In the demonstration code you will see the calculation of xstep and ystep. These define the changes to the displayed data for when zooming in or out, or panning left, right, up, or down. At present these are fixed before the call to %pl, and they also define the maximum possible zoom in

Code:
    xstep = (xmax_data - xmin_data)/10.d0
    ystep = (ymax_data - ymin_data)/10.d0


With the code above, the extents drawn decreases by 20% of the full extents at each zoom in operation, with a maximum of 4 such operations , due to the logical test:

Code:
if ( ( x_max_now - x_min_now .gt. xstep ) .and. ( y_max_now - y_min_now .gt. xstep ) ) then
……………


in function zoom_in_cb().

You may have to vary this approach slightly for your application. For example you could program your code to zoom in by a percentage of the currently displayed extents at each zoom operation, i.e. modify the value of effective value of xstep and ystep (by a zoom level dependent multiplying factor) as applied in the call back functions.

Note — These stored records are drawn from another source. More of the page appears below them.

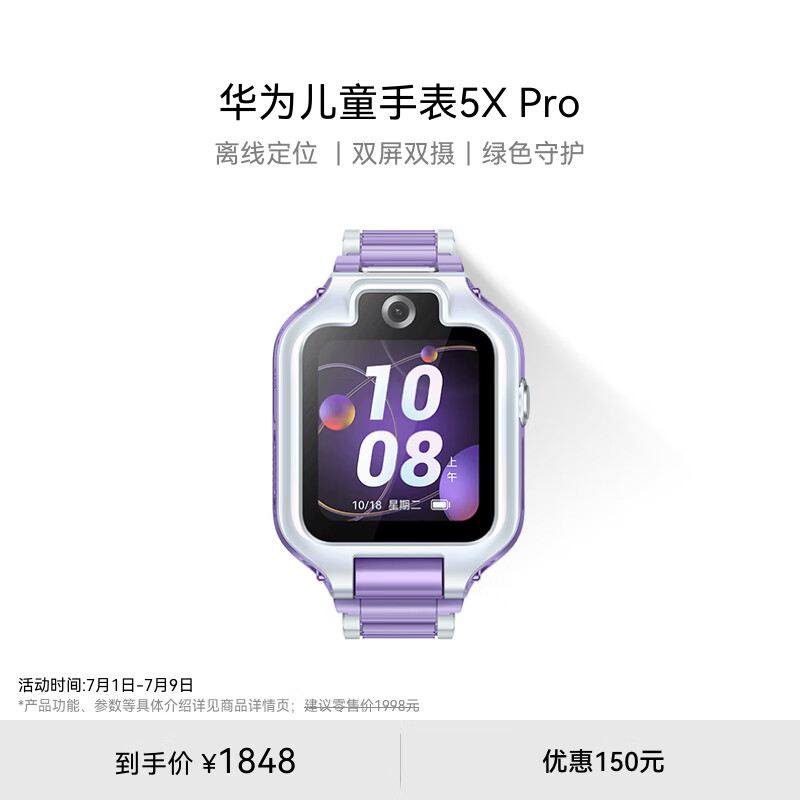 华为儿童手表 5X Pro华为手表智能手表离线定位电话极光紫价格:1848.00元!
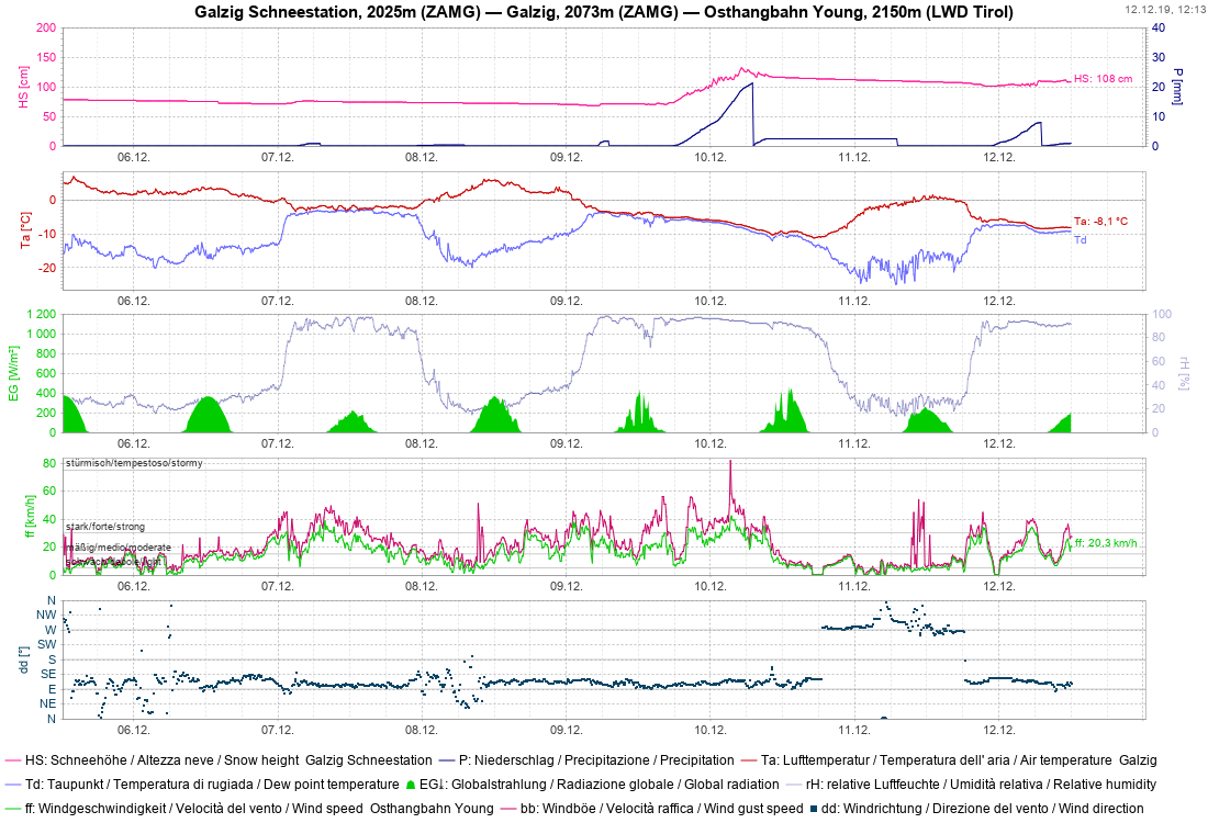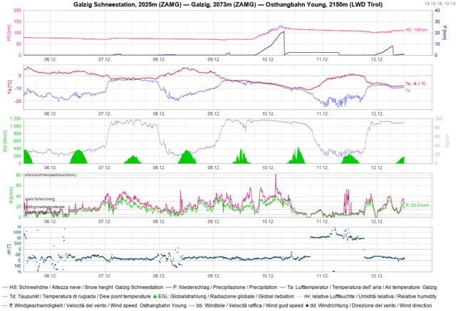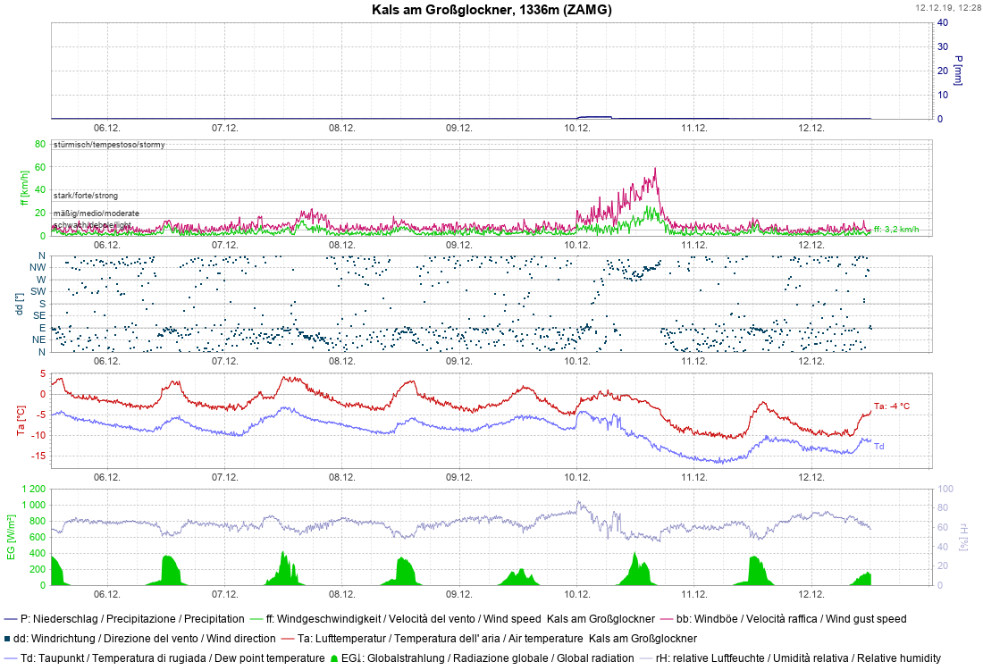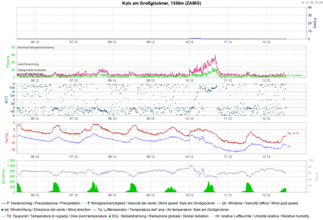 Stazione meteo di Kals: notevole era soprattutto il vento forte del 10/12 nel Tirolo dell’Est
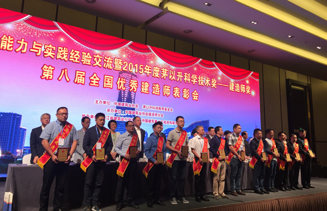 会上,茅玉麟介绍了由中国建筑业协会和茅以升科教基金会联合开展的“2015年度茅以升科技奖——建造师奖” 的评选情况。王秀兰宣读了中建协建造师分会“关于‘表彰第八届全国优秀建造师’的决定”。95名荣获“2015年度茅以升科技奖——建造师奖”和375名荣获“第八届全国优秀建造师”荣誉称号的部分代表上台受奖。
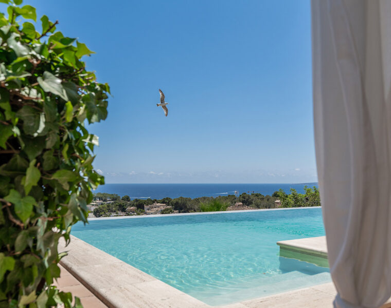 Entdecken Sie eine luxuriöse Villa in Portals Nous mit unvergleichlichem Meerblick, einer ruhigen Umgebung und außergewöhnlichen Wohnräumen.
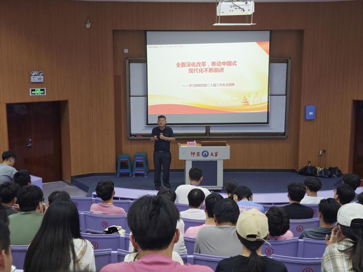 2024年9月18日下午,马克思主义学院常务副院长李克钦于新区和昌楼博雅讲堂成功举办“学习贯彻党的二十届三中全会精神主题宣讲会”。本次宣讲会由李克钦教授主讲,2026年国际足联世界杯师生代表三百余人到场聆听。
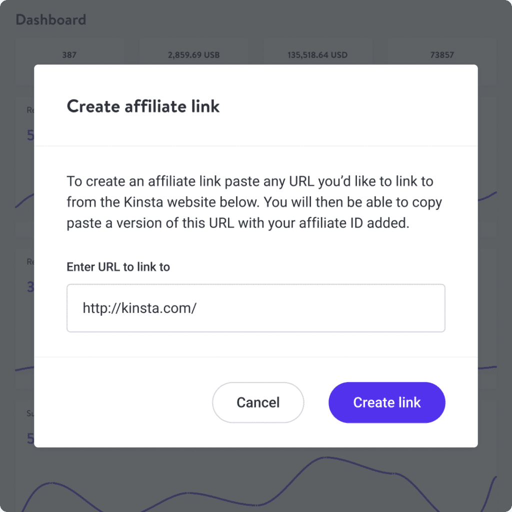 Create your unique affiliate link with a single click and point it anywhere on the Kinsta website. See how your links perform and then optimize based on what converts best.
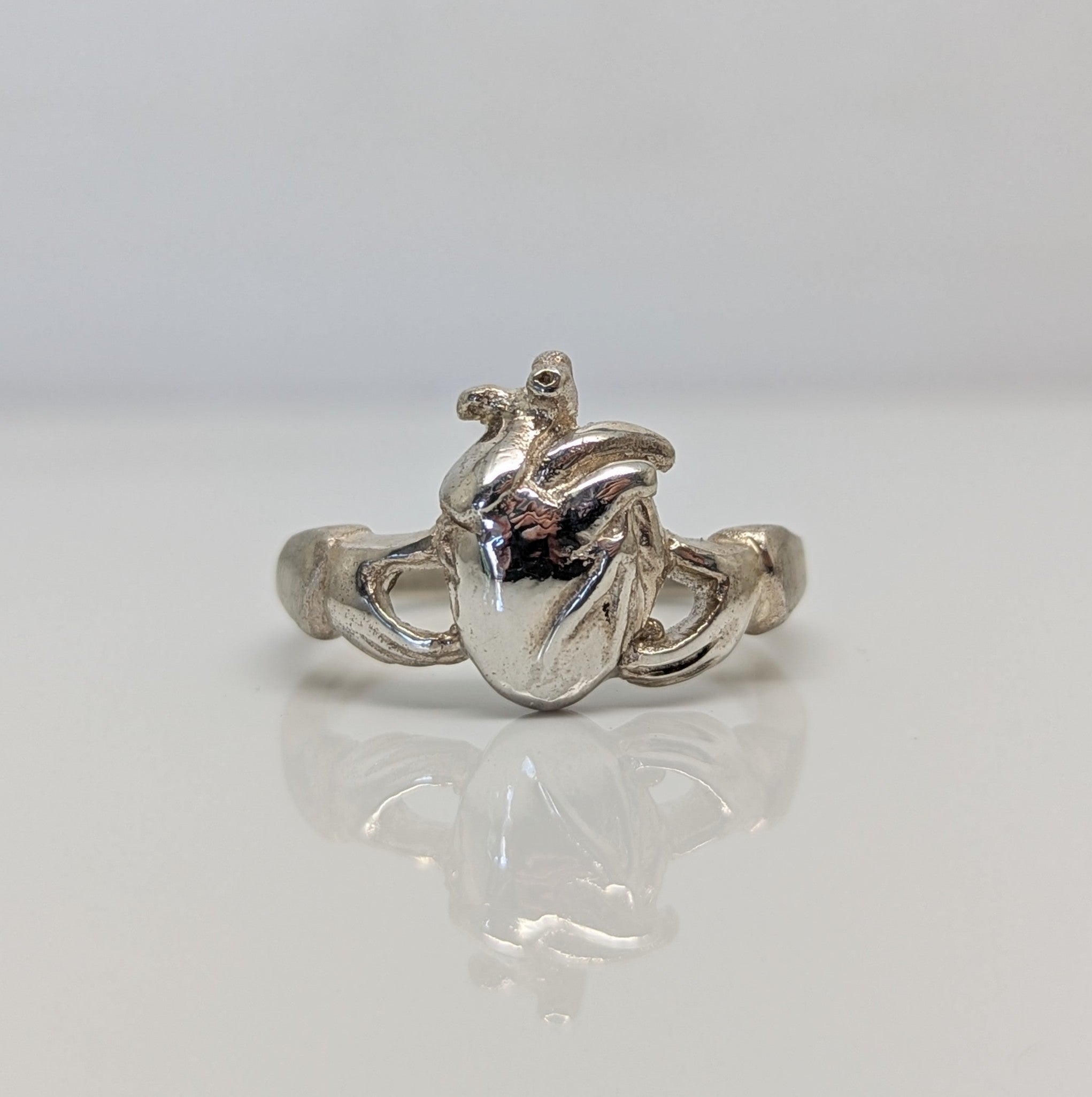 ANT HAT sterling silver anatomical heart claddagh ring is cast from a mould of an original hand carved piece and then finished by hand. Hand made in Melbourne.

The question you have to think about is how many zoom operations is required to get from the full extents to the level where the display finally becomes useful to the user. You will need to experiment to get something that works well for your application.

Yes, the border will become distorted since the no of pixels per km on the x and y axis differ.

One way to get round this would be ensure that x_min_data, y_min_data, x_max_data, and y_max_data define a square, modifying the example code immediately after these are calculated and before the calculation of x_step and y_step. Then make sure the graphics area in which the %pl plot is generated is also a square. Note the size of the plot is not the first two X, Y, size values in the call to %pl. These X, Y values define the overall size of the graphics area which includes four borders. If you make sure X and Y are equal, and setting all borders to the **same value** this will preserve the aspect ratio as you zoom in and out. Note the border must be sufficient large to accommodate the caption, and x and y axis labels. The y axis label will be the critical one when deciding which size of border to use. Note the %pl code is [margin] not border!

If you want to preserve a landscape format – to fit a wide screen for example you will need a different strategy for zooming in/out etc. However, you now have all the necessary understanding of how %pl works, and how to get it to redraw a selected region to apply your adopted strategy – whatever that may be.